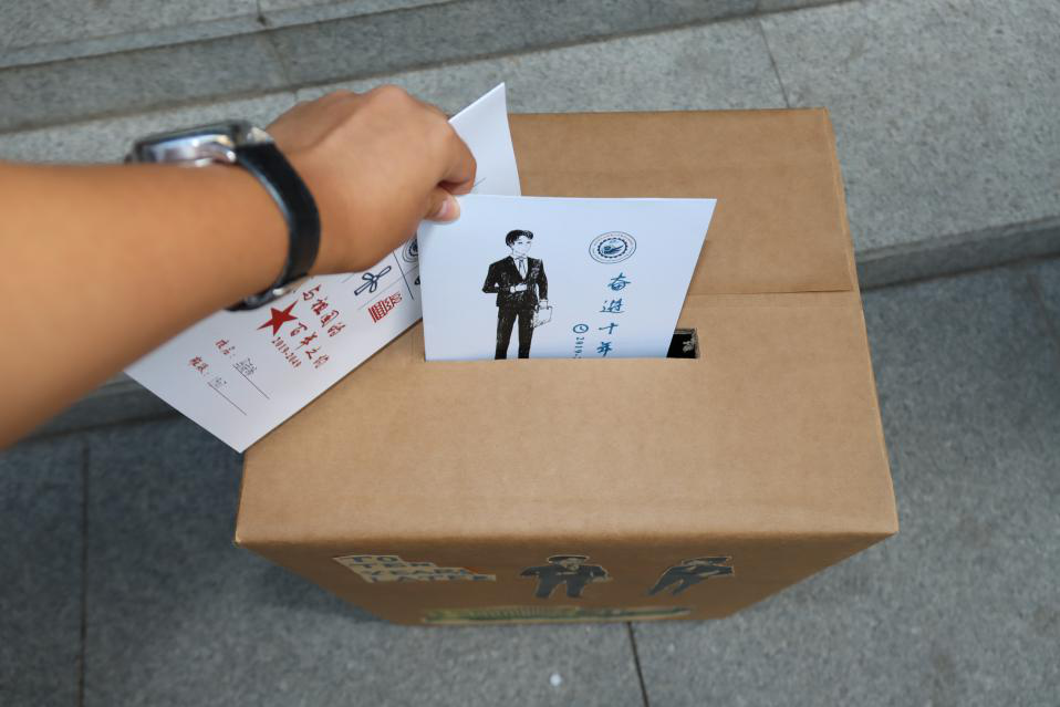 三个精美的信箱立在签名板旁,分别标有“青葱四年”“奋进十年”“我与祖国的百年之约”。这三个主题分别对应同学们早早准备好的三封信,写给未来的自己与祖国。同学们排好队,庄重地将手中的三封信分别投入对应的信箱。
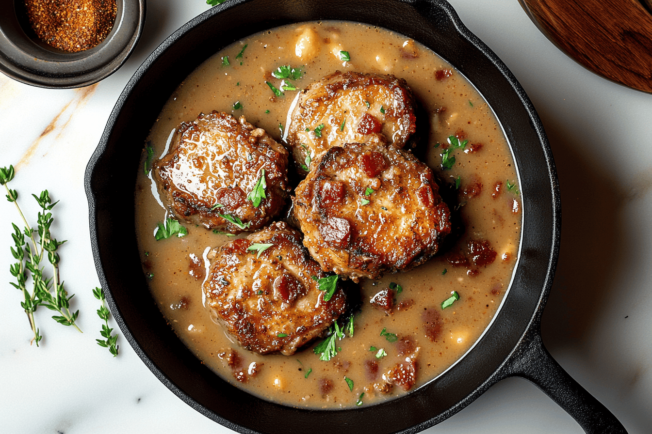 And there you have it – the mouthwatering recipe for Country Fried Pork Chops with Bacon Gravy! The perfect combination of crispy pork chops, creamy gravy, and smoky bacon flavors all come together to create a dish that’s sure to become a family favorite. Whether you’re craving a comforting meal on a chilly evening or looking to impress guests with a taste of Southern hospitality, this recipe has got you covered.
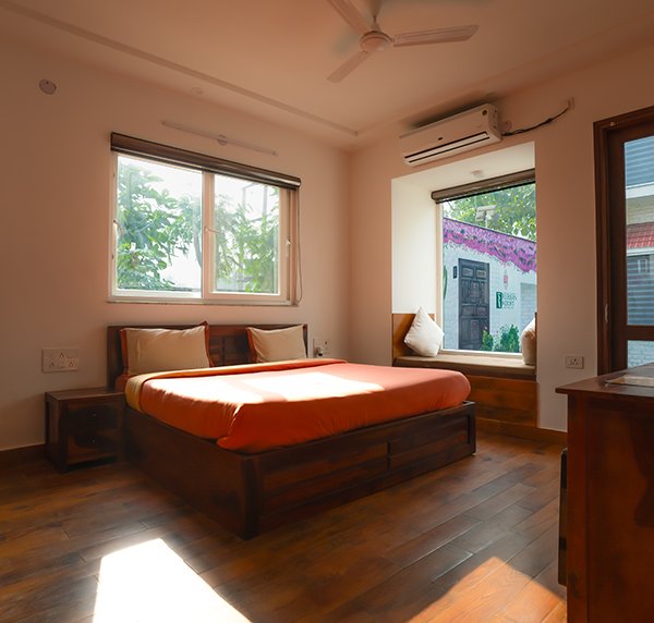 Our Resort offers two double storey Villa stay near Delhi NCR with a total of 12 rooms. The Villa Stay near Noida at Rurban Resort is filled with comfort, exotic in appearance and rustic in their feel. Villas at Rurban Resort are perfect for families. They offer you a relaxing stay and expansive view of the 17 acres of nature retreat, one of the best places to visit near Delhi NCR.
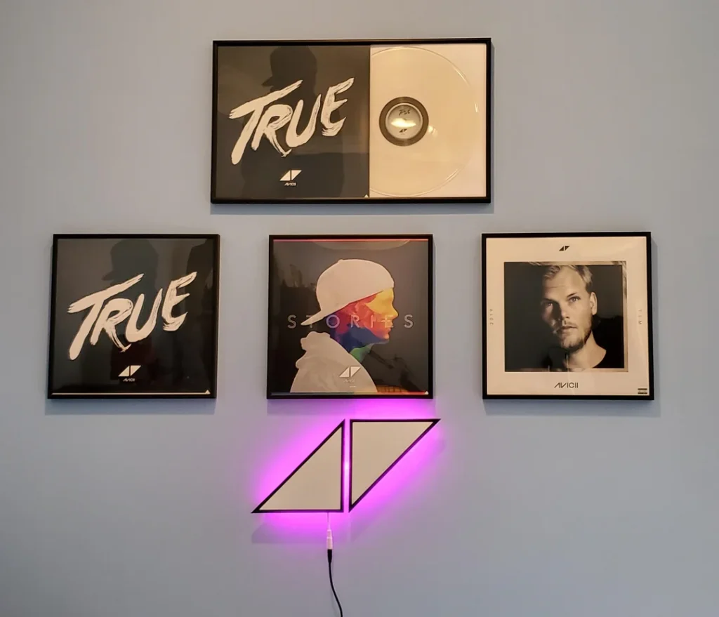 r/Teck3r on Reddit took this approach with an Avicii-dedicated display that is genuinely moving. Three framed album covers True, Stories, and TIM are arranged alongside a wider landscape frame featuring the True artwork paired with a physical white vinyl. Below it all, an illuminated neon version of Avicii’s iconic triangle logo glows in pink against the grey wall.
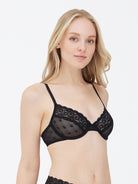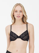 Feminine and sexy for every day. Unlined cups trimmed with floral lace allow for sexy coverage that works under tops and dresses. All over playful sheer, stretchy dot lace is light and comfy to wear all day. Wear with Dare Hipster or Dare Thong to complete the look.
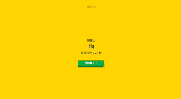 遊戲關卡共計6關,如果在20秒結束之前,成功讓A.I.辨識出來你所畫的物品,就會提前進入下一個關卡,如果到時間結束還是沒畫出來,還是會進入下一關,只不過這一關就會以失敗收場。
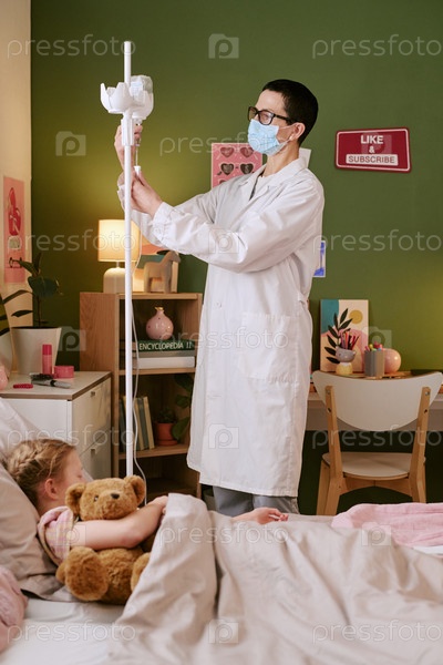 Женщина-врач, регулирующая IV капли для больного пациента ребенка в госпитальной комнате
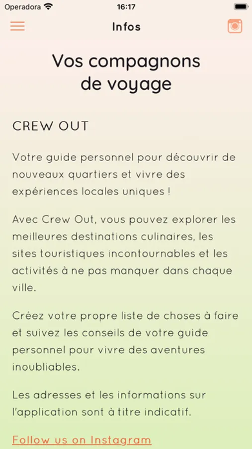 Crew Out : votre guide personnel pour découvrir de nouveaux quartiers et vivre des expériences locales uniques ! Avec CrewOut, vous pouvez explorer les meilleures destinations culinaires, les sites touristiques incontournables et les activités à ne pas manquer dans chaque ville. Créez votre propre liste de choses à faire et suivez les conseils de votre guide personnel pour vivre des aventures inoubliables. Que vous soyez en vacances ou en voyage d'affaires, Crew Out vous aide à découvrir les meilleurs quartiers et les activités à faire. Téléchargez l'application dès maintenant pour vivre des expériences inoubliables dans chaque ville que vous visitez !
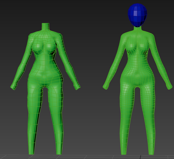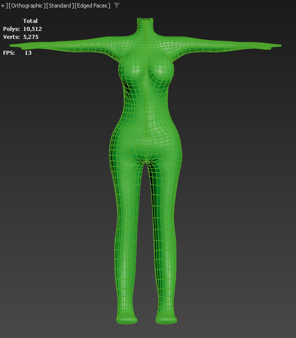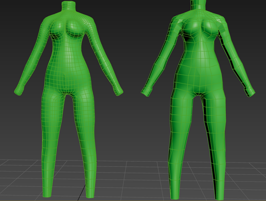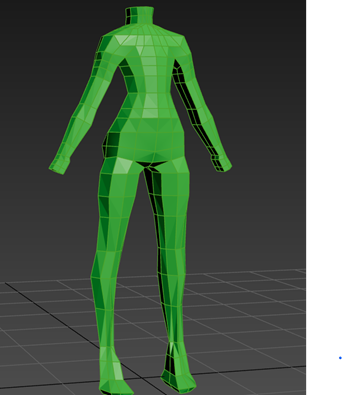 This stage was about finishing the base body mesh so I was ready to model clothing on top. It involved a mix of using soft selection to gently scuplt areas into more natural curves and retopologising. Many edge loops were removed which significantly reduced the models poly count. This let me add some back to the body where it was more needed for a even density across the model.
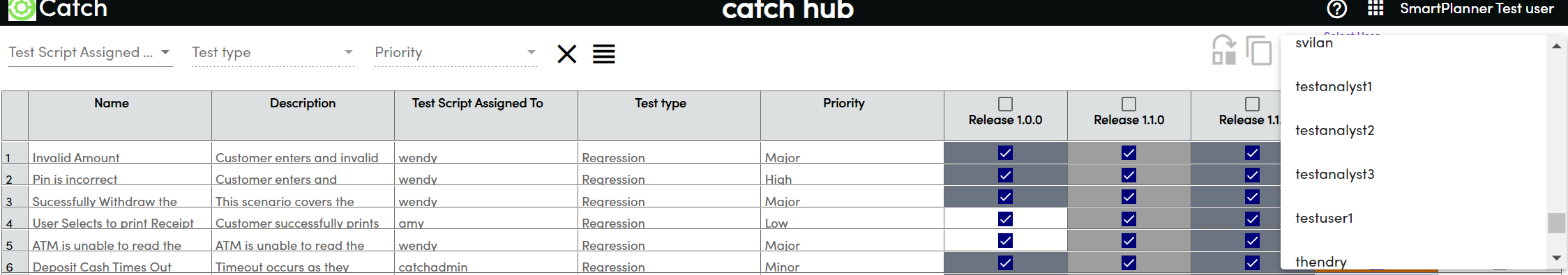 • Choose a user from the dropdown to assign the test runs to.
------------------------
● Exercise description: Only an exact copy is needed: the lines from the opening of the listing through the line with "Женщина-врач, регулирующая IV", both included, minus the pictures.

● Reply to the exercise:
 三个精美的信箱立在签名板旁,分别标有“青葱四年”“奋进十年”“我与祖国的百年之约”。这三个主题分别对应同学们早早准备好的三封信,写给未来的自己与祖国。同学们排好队,庄重地将手中的三封信分别投入对应的信箱。
 And there you have it – the mouthwatering recipe for Country Fried Pork Chops with Bacon Gravy! The perfect combination of crispy pork chops, creamy gravy, and smoky bacon flavors all come together to create a dish that’s sure to become a family favorite. Whether you’re craving a comforting meal on a chilly evening or looking to impress guests with a taste of Southern hospitality, this recipe has got you covered.
 Our Resort offers two double storey Villa stay near Delhi NCR with a total of 12 rooms. The Villa Stay near Noida at Rurban Resort is filled with comfort, exotic in appearance and rustic in their feel. Villas at Rurban Resort are perfect for families. They offer you a relaxing stay and expansive view of the 17 acres of nature retreat, one of the best places to visit near Delhi NCR.
 r/Teck3r on Reddit took this approach with an Avicii-dedicated display that is genuinely moving. Three framed album covers True, Stories, and TIM are arranged alongside a wider landscape frame featuring the True artwork paired with a physical white vinyl. Below it all, an illuminated neon version of Avicii’s iconic triangle logo glows in pink against the grey wall.
 Feminine and sexy for every day. Unlined cups trimmed with floral lace allow for sexy coverage that works under tops and dresses. All over playful sheer, stretchy dot lace is light and comfy to wear all day. Wear with Dare Hipster or Dare Thong to complete the look.
 遊戲關卡共計6關,如果在20秒結束之前,成功讓A.I.辨識出來你所畫的物品,就會提前進入下一個關卡,如果到時間結束還是沒畫出來,還是會進入下一關,只不過這一關就會以失敗收場。
 Женщина-врач, регулирующая IV капли для больного пациента ребенка в госпитальной комнате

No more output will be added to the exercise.